View attachment 7982


----------



## JustBonee (Jun 23, 2014)

Easy ...  Dog person.


----------



## GeorgiaXplant (Jun 23, 2014)

Oh, my. How to choose. I have a cat, and I'd have a dog, too, if I had room for one. I love cats and dogs. Dog sitting as we speak. Actually, dog sitting is a good deal for me (besides getting paid) because I have all the fun of a dog (sometimes more than one) and none of the expense!


----------



## Ina (Jun 23, 2014)

I love Kitty cats, but you have to keep up with the litterbox, so I choose Puppy dogs, just open the door, and they're out the door to do their business. :tapfoot:


----------



## SeaBreeze (Jun 23, 2014)

Tough one for me too, as I have a cat and a dog.  I guess if I had to choose, even though I can call myself a cat person, I'd choose a dog.  They can accompany me on walks outside of the home, and rides in the car.  Butttt....if I was older and not able to get out much, I'd prefer a cat.


----------



## Falcon (Jun 23, 2014)

NO question about it.................DOG !


----------



## Meanderer (Jun 23, 2014)

At present we are pet-less...but it would be tuff for me to choose.  It has always been the individual dog or cat that won me over...I'll hav'ta sleep on it. 

View attachment 7983


----------



## Bettyann (Jun 23, 2014)

I love other people's dogs...but I am and always have been a cat person. I am just always happy to see people happy with their pets and treating them well...


----------



## Kaya (Jun 23, 2014)

Dog.


----------



## Bee (Jun 23, 2014)

I'll stick with me budgie.:bigwink:


----------



## Justme (Jun 24, 2014)

I prefer my tarantula spider!
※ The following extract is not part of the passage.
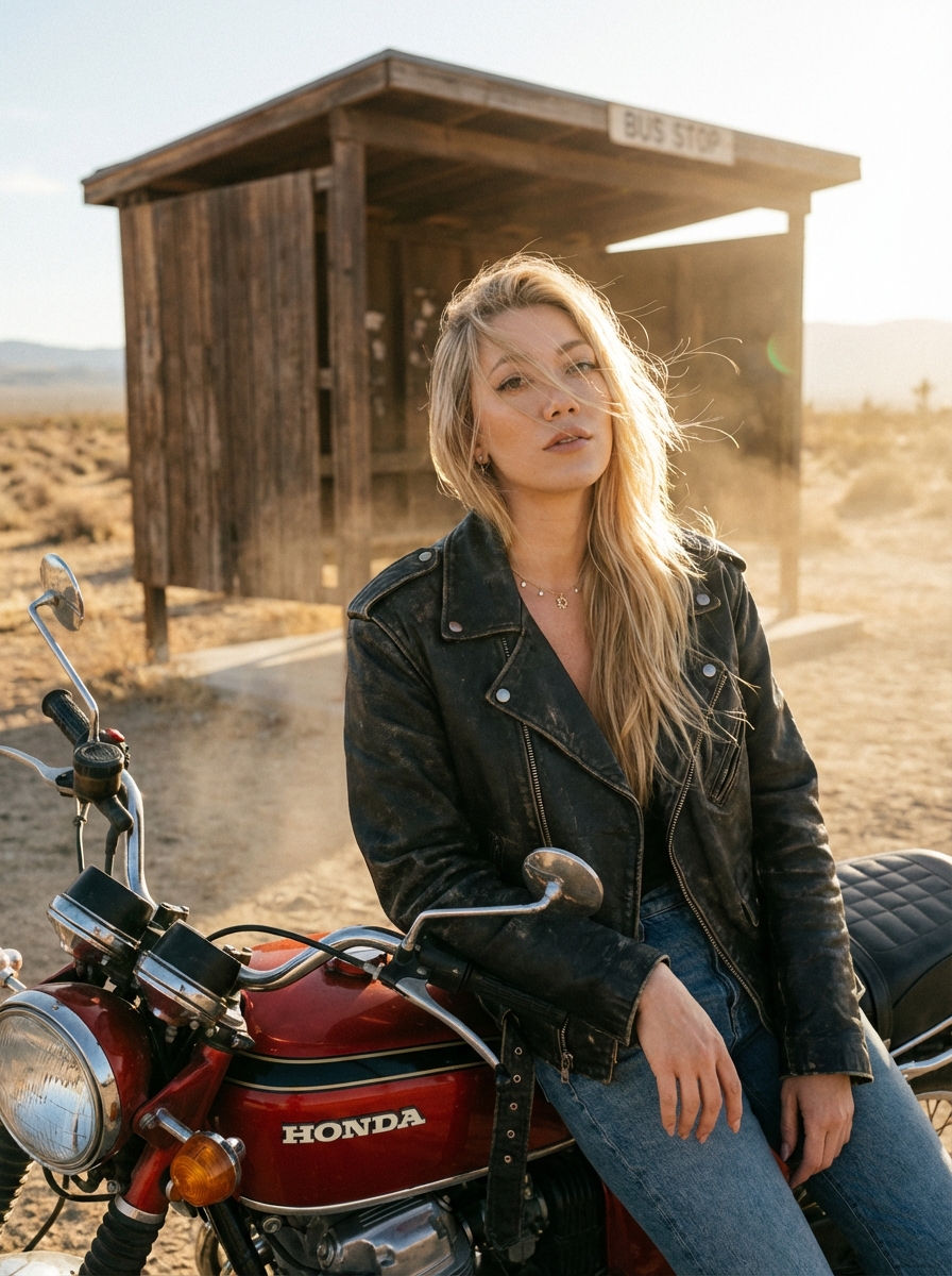 {"image_request": {"goal": "A hyper-realistic cinematic portrait of an extraordinarily beautiful model with short hair covering one eye leaning casually on a red motorcycle beside a lonely bus station in the middle of an untamed wilderness.", "meta": {"image_type": "Cinematic Portrait", "quality": "8k Masterpiece with analog imperfections", "color_mode": "High Contrast with dusty earth tones", "style_mode": "Neo-Cinematic with Analog Film Texture", "aspect_ratio": "4:5", "resolution": "4096x5120"}, "creative_style": "A blend of Denis Villeneuve desert cinematography, 1980s Vogue editorial edge, Wim Wenders Americana solitude, and a hint of cyber-western surrealism.", "overall_theme": "Beauty in isolation at a forgotten crossing", "mood_vibe": "Quiet, confident, atmospheric, slightly melancholic", "style_keywords": ["analog grain", "wind-swept hair ", "chrome reflections", "cinematic depth", "sun-faded signage", "subtle imperfection", "bokeh haze", "volumetric dust", "hyperreal skin", "desert solitude"], "subject": {"count": "1", "type": "Human", "identity": "A strikingly beautiful model with a mysterious presence", "age_appearance": "Mid 20s", "skin": "Smooth realistic texture with visible pores, subtle sun-kissed tone, faint freckles across the cheekbones", "facial_features": {"expression": "Calm confidence with a touch of introspective distance", "eyes": "One eye hidden under hair; visible eye is deep green with razor-sharp highlight"}, "hair": {"style": "Short asymmetrical cut draping over one eye ", "texture": "Slightly windswept with natural movement", "color": "hair"}, "clothing": {"top": "Fitted black leather jacket with worn creases and matte finish", "bottom": "Dark denim riding pants, dust-kissed at the knees", "accessories": "Single silver ring, thin chain necklace peeking under jacket collar ", "condition": "Lightly worn, giving authentic travel vibes"}, "props": {"primary": "A vintage red motorcycle with chrome detailing", "secondary": "Weathered wooden bus-stop sign, rusted metal bench, scattered dry grass tufts"}}, "pose_action": {"description": "She leans against the motorcycle with one arm resting on the seat, body turned slightly toward camera as the wind pulls gently at her jacket.", "body_position": "Leaning, relaxed posture with one leg crossed at the ankle", "camera_interaction": "Looking slightly past the camera, not directly at it"}, "environment": {"setting": "A remote bus station in a vast wilderness of dry plains and low hills", "time_of_day": "Late golden hour", "weather": "Clear with drifting dust carried by warm wind", "atmosphere": "Dry, cinematic, softly glowing in warm light"}, "lighting": {"type": "Golden hour directional with rim lighting", "source": "Low sun casting warm highlights", "quality": "Soft but directional, creating sculpted cheekbones and metallic shimmer on motorcycle", "shadows": "Long, warm, gently feathered shadows", "imperfections": "Lens flare streak, mild chromatic aberration at frame edges"}, "camera": {"sensor_format": "Medium Format Digital", "lens": "85mm portrait lens", "aperture": "f/1.6 for creamy cinematic bokeh", "shutter_speed": "1/320 to catch subtle hair movement", "composition": "Rule of thirds with shallow depth, model angled slightly to left, bus stop receding in background"}, "scene_specific_details": {"texture_focus": "Leather jacket grain, chrome motorcycle reflections, cracked wooden bus-stop post", "layout": "Minimal yet evocative, open landscape emphasizing isolation", "tonality_texture": "Fine film grain with warm halation around highlights"}, "color_grading": {"palette": "Rust red, sand beige, black leather, golden amber", "lut": "Kodak Gold warm desert LUT", "mood": "Warm, solitary, cinematic wanderlust"}, "negative": {"style": "Avoid cartoon or digital 3D look", "content": "No extra limbs, distorted hands, random text, watermark", "artifacts": "Avoid oversharpening, muddy shadows, AI deformations"}}}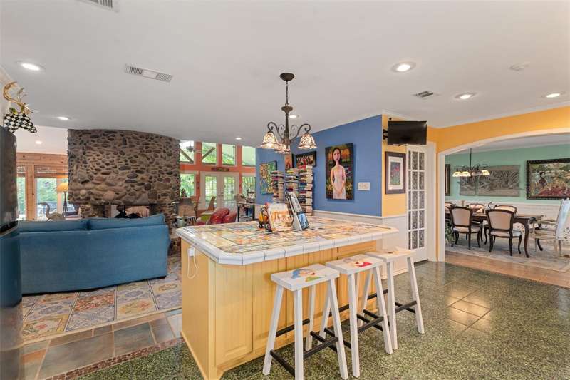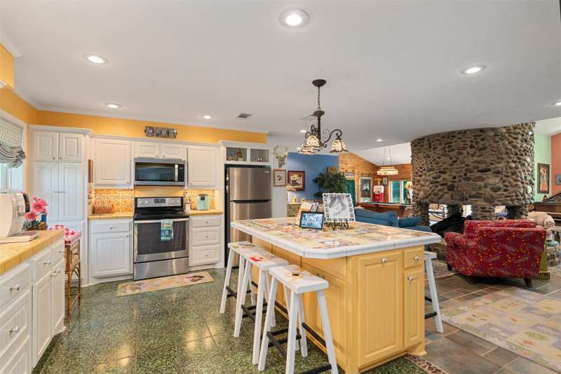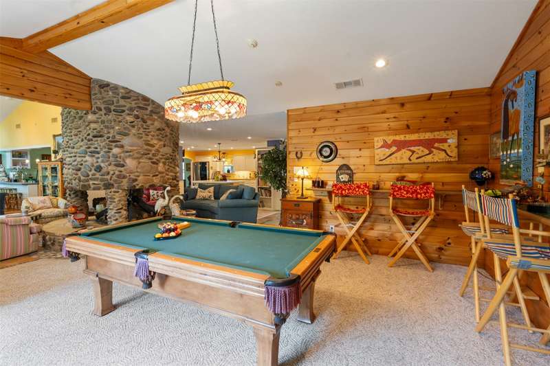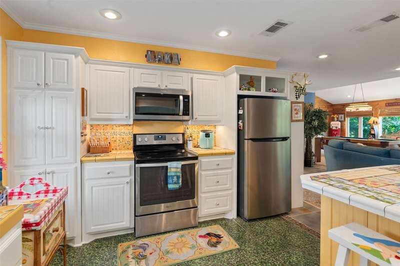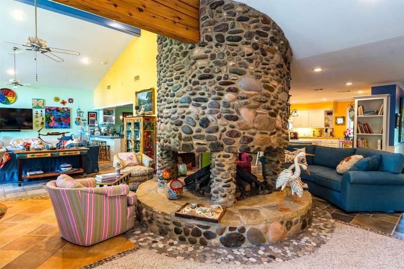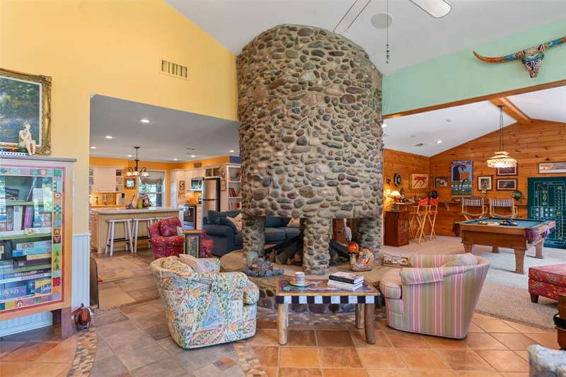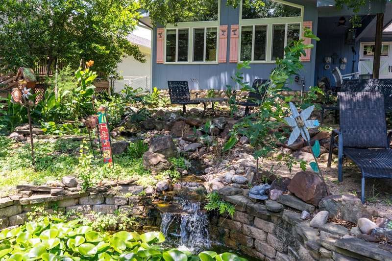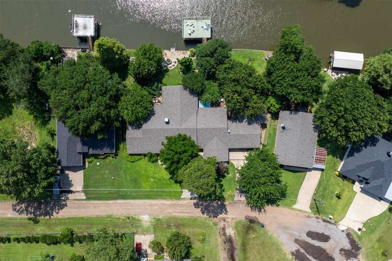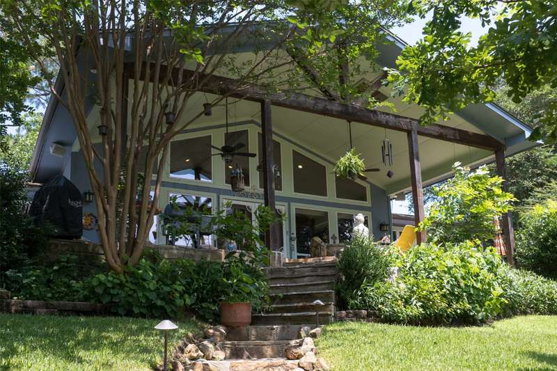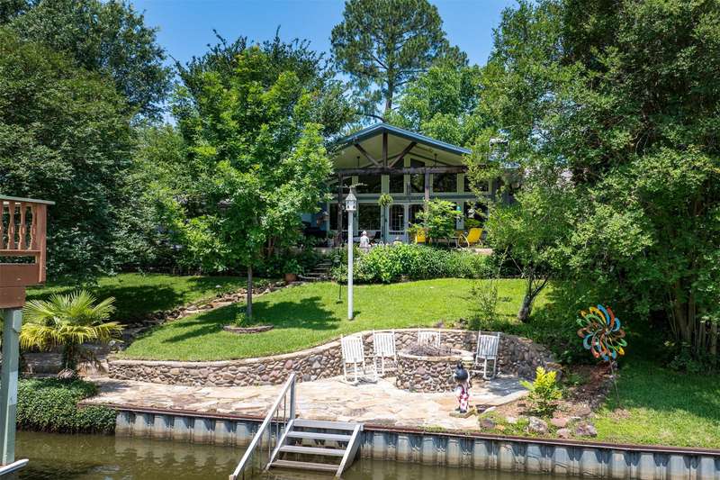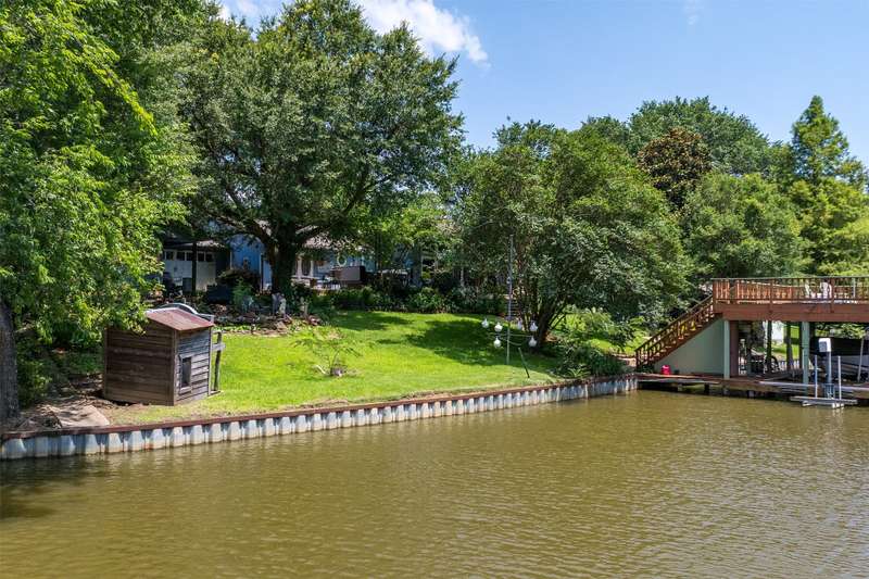 Escape to your own Lake Paradise in this large home on Cedar Creek Lake, made for entertaining family and friends. This 3743 sf home sits on two lots and was built from set-back to set-back. 160' of shoreline gives a large backyard with many places to enjoy. Look over the lake by the fire pit, on the boat dock, or cool off under the huge oak tree by the 3 level koi pond. The home has a large stone deck (no maintenance) with a dining space and covered rest and relax area. The home has a great floor plan with the primary bedroom on one side, and 3 guest rooms on the other end of the house. In the center, is the heart of entertaining, with a great room with expansive windows, and a game room with pool table and attached bar area. The eye popper of the great room is the circular stone fireplace visible from all the spaces... it's lights with a twist of a button with propane and artificial logs. Surround sound equipment and TVs throughout the house will stay. The kitchen is bright and colorful with an island that seats up to 8, lots of storage, and 2 refrigerators. The wet bar has a beverage refrigerator, sink and divides the great room and dining room. The primary bedroom is a large suite with a fanciful bathroom, with separate shower and tub. French door access to the swim spa on the back trek type deck. Separate living area by the primary bedroom is at the porte cochere entrance. Separate 593 sf room on the other side of the garage with water and electricity. RV hookups in front of Studio. Boat dock has electric lift (with remote) for boat, and an electric lift for jet ski. Home in a channel right off the open water, so safe for swimming and great bird watching. Saloon style playhouse, and shed. Irrigation system from lake. This home has been in the same family for over 20 years, and it's time to share this lakeside haven with another family. TURN KEY. Spend the holidays around the fireplace with your loved ones. One of a kind on Cedar Creek Lake.

We have had loads of cats and dogs over the years, but when the last one died in 2002 I put my foot down. I was the poor idiot who had the job of looking after them, and walking the flipping dogs!


----------



## Meanderer (Jun 24, 2014)

Bee said:


> I'll stick with me budgie.:bigwink:



Good show!


----------



## Meanderer (Jun 24, 2014)

I would choose a dog.  You can hang out with a dog


----------



## Steve (Jun 24, 2014)

Definitely a dog and a smaller one at that.. We now have a toy Pomeranian and we simply love her..
We had both cats and dogs before but my wife was always sick from the cat.. Allergic to the dander..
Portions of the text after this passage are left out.